About this task |
What you return should be the full listing, copied exactly and stripped of its pictures.

Input material |
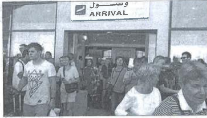
آمال وإمانات في قطاع السياحة لانتعاش وزيادة الوافدين في العام الجديد

وهؤلاء الذين معروفون بالاسم.. لكن لا نرى إلا بقعة أمام تلك الكارثة
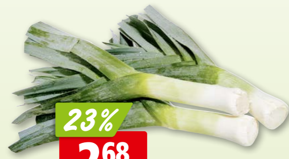
251022 Grüner Lauch aus der Schweiz, ca. 6 kg
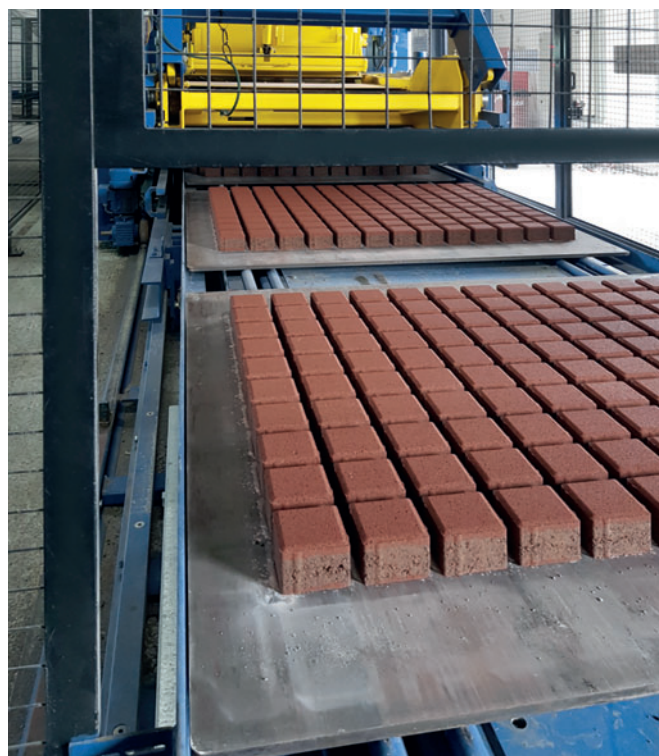
Свежеотформованные изделия – на технологическом поддоне размером 1400 x 1300 мм
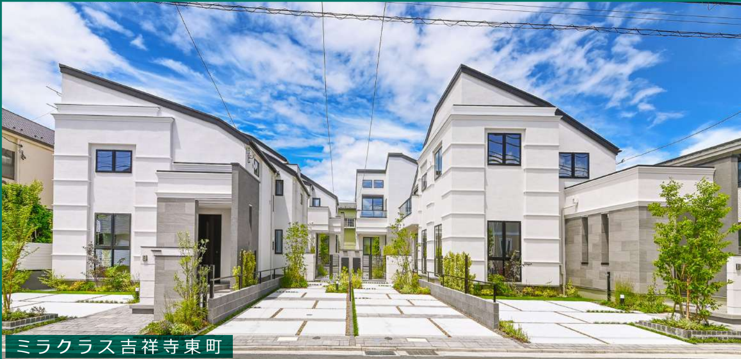
ミラクラス吉祥寺東町

The completed task |
آمال وإمانات في قطاع السياحة لانتعاش وزيادة الوافدين في العام الجديد

وهؤلاء الذين معروفون بالاسم.. لكن لا نرى إلا بقعة أمام تلك الكارثة
251022 Grüner Lauch aus der Schweiz, ca. 6 kg
Свежеотформованные изделия – на технологическом поддоне размером 1400 x 1300 мм
ミラクラス吉祥寺東町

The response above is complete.